Records from a data source:
|---|
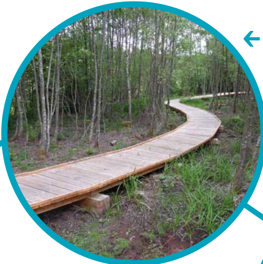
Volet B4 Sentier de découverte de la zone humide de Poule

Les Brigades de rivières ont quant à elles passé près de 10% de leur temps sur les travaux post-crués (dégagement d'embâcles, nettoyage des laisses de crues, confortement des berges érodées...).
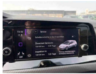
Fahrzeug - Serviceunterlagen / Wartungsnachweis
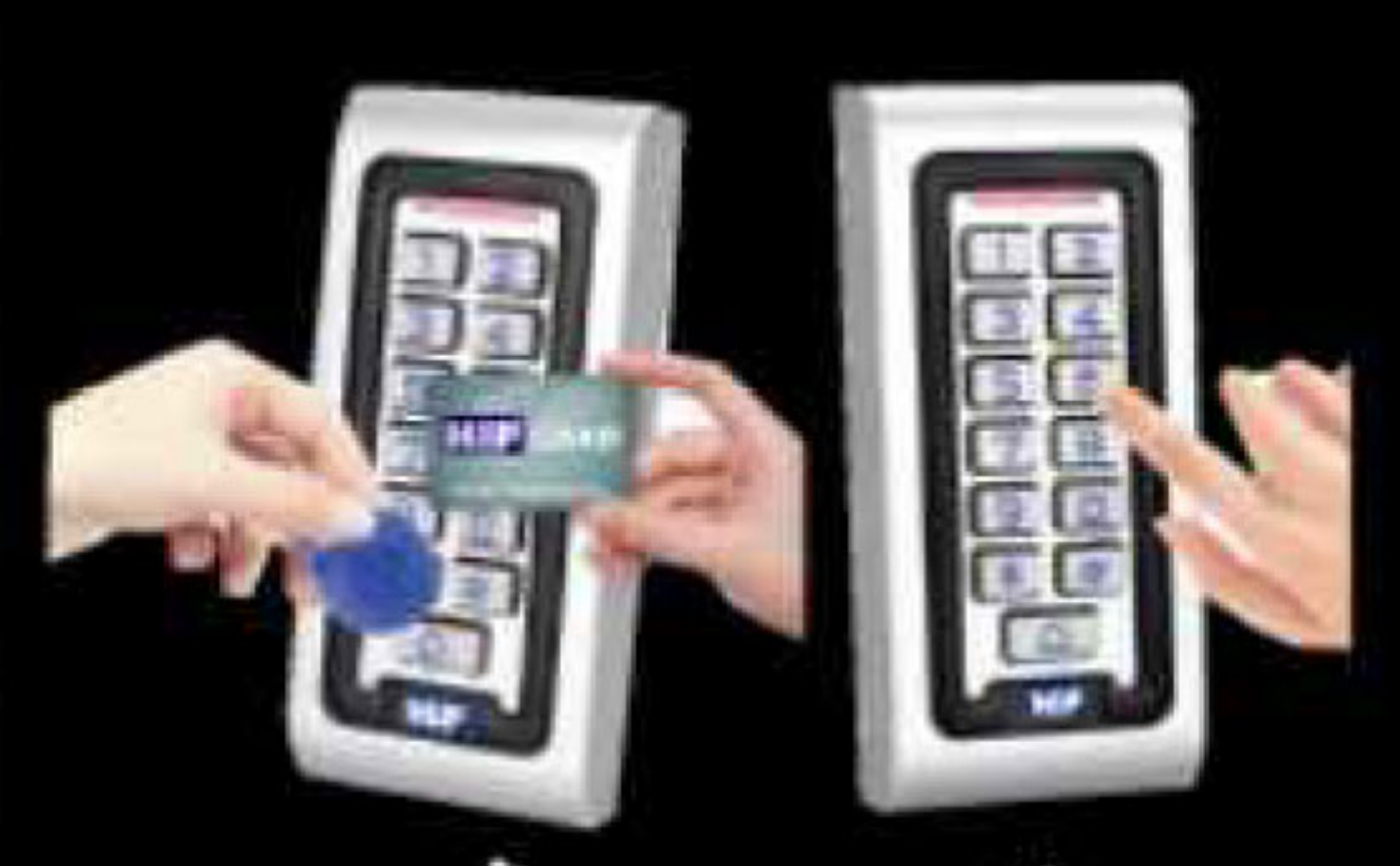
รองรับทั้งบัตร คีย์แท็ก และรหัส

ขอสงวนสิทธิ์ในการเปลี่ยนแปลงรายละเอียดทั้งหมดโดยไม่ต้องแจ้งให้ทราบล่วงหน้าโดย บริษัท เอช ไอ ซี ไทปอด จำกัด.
|---|
- EXERCISE DIRECTIONS:
Your response should consist solely of the lines from the one containing "รองรับทั้งบัตร คีย์แท็ก และรหัส" to the end of the entries, both ends included, exactly as they appear.

- YOUR SOLUTION:
รองรับทั้งบัตร คีย์แท็ก และรหัส

ขอสงวนสิทธิ์ในการเปลี่ยนแปลงรายละเอียดทั้งหมดโดยไม่ต้องแจ้งให้ทราบล่วงหน้าโดย บริษัท เอช ไอ ซี ไทปอด จำกัด.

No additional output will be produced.